- Born: Issa Hassan Muhammad Ali Al-Laith 1985 (age 40–41) Khamis Mushait, Saudi Arabia
- Occupations: Vocalist and poet
- Political party: Houthis
- Children: 4
- Website: @IssaAllaith on X

= Issa al-Laith =

Yemeni vocalist and poet

Issa Al-Laith also spelt Issa Allaith, Issa Al-Layth (Arabic: عيسى الليث‎) is a Yemeni vocalist and poet affiliated with the Houthi movement (Ansar Allah). Issa al-Laith is described as a popular zamil performer and poet for the Houthis, and is regularly featured on various Houthi media networks.

== Biography ==
Issa al-Laith was born in 1985 in Khamis Mushait, Saudi Arabia, to a Shiite Zaidi family from the Razih district of Saada Governorate, Yemen. Issa grew up in Saada governorate, where he completed his Quranic and secular education. He is a member of the Houthi movement and is married and the father of four children.

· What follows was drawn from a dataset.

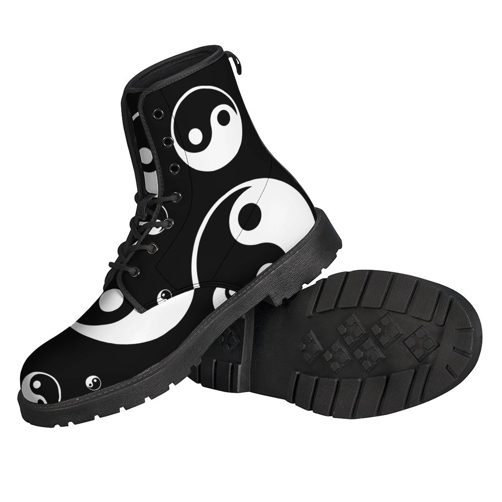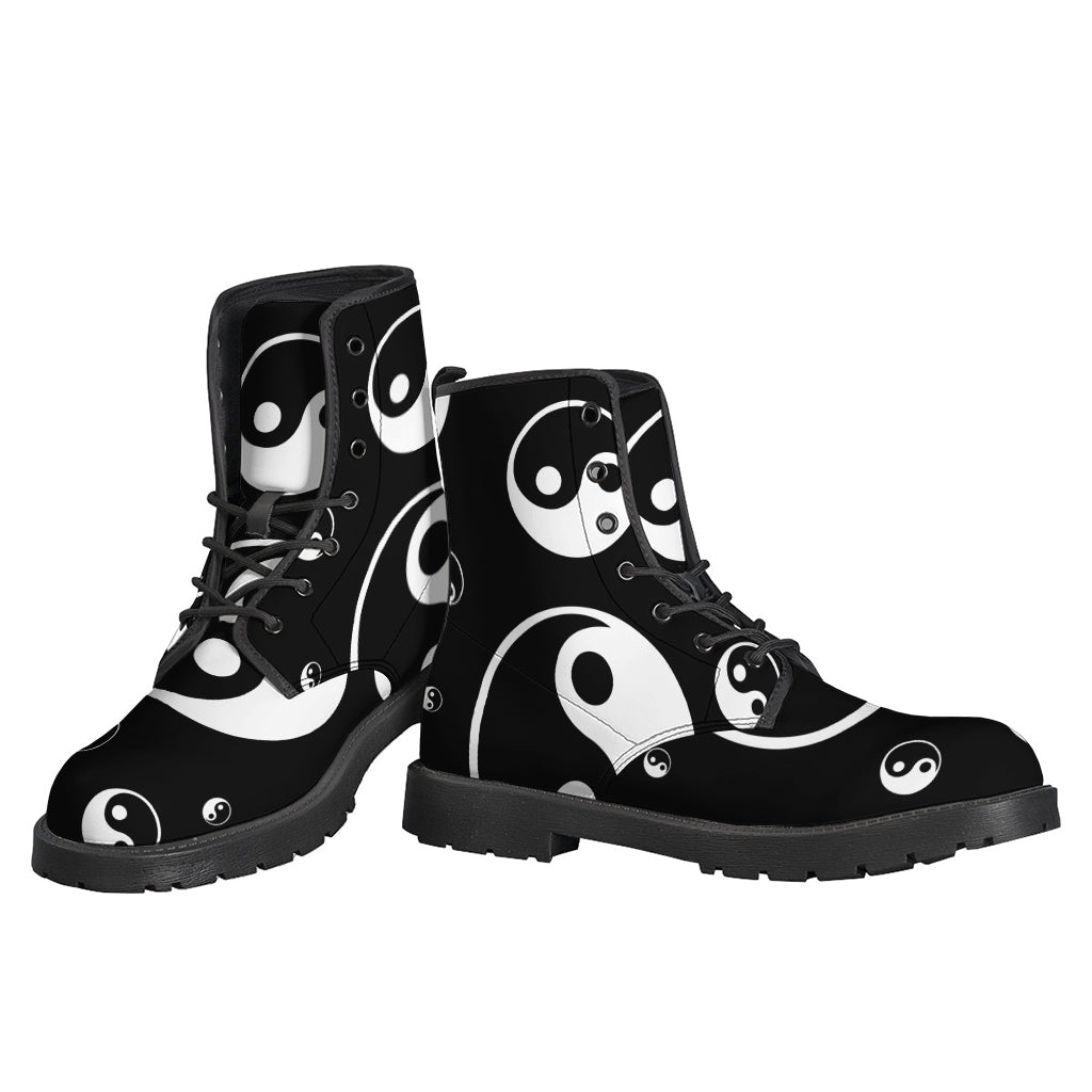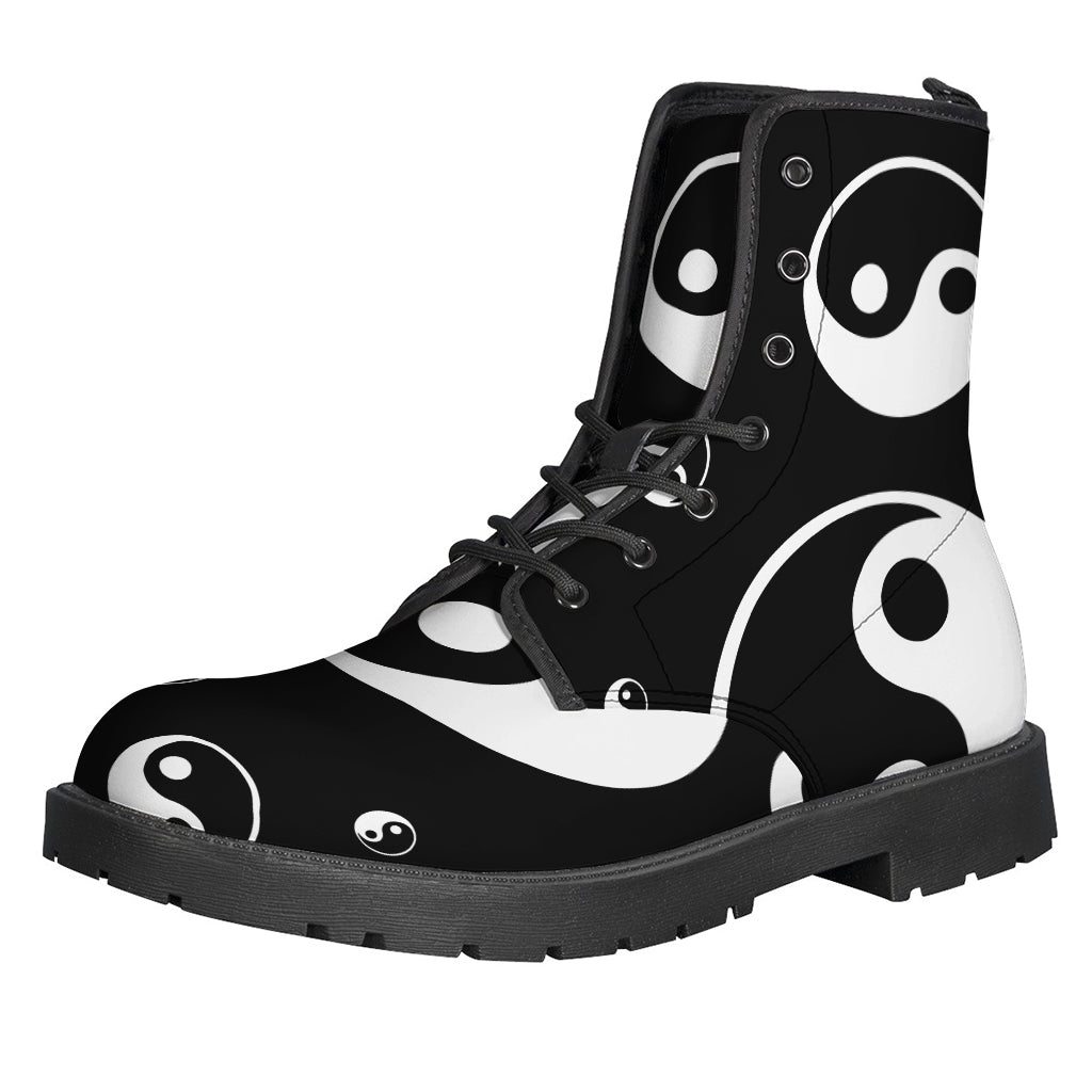 These black and white Yin Yang pattern print leather boots are the perfect addition to any hippie's wardrobe. Made with lightweight leather, these boots are comfortable and easy to wear all day long. The Yin Yang pattern adds a unique and spiritual touch to the boots, perfect for those who embrace peace, love, and harmony. These boots are the perfect mix of style and comfort, making them a must-have for any hippie looking to add a touch of bohemian flair to their outfit.

As a vocalist and poet, the main theme of his poetry concerns the glorification of Houthi fighters and Palestine, as well as opposing the Saudi-led intervention in Yemen, being described as a champion of the Houthi cause. Many of his zawamil enjoy hundreds of thousands to millions of views on various social media platforms. The zamil, rooted in cultural tradition, has been weaponised by the Houthis as a tool of propaganda and remains one of the most popular and rapidly growing platforms of Houthi propaganda, sung by popular vocalists like Issa Al-Laith and disseminated through various social media platforms including YouTube, Twitter and Telegram. The Spectator describes Houthi zawamil as its most successful part of their propaganda, stressing the movement's supposed piety, bravery and poverty in comparison with the corruption, wealth and hypocrisy of their adversaries, the Saudi-led coalition, and Arab states allied to Israel.

In 2023, YouTube closed various channels affiliated with the Houthis, including the channel of Issa.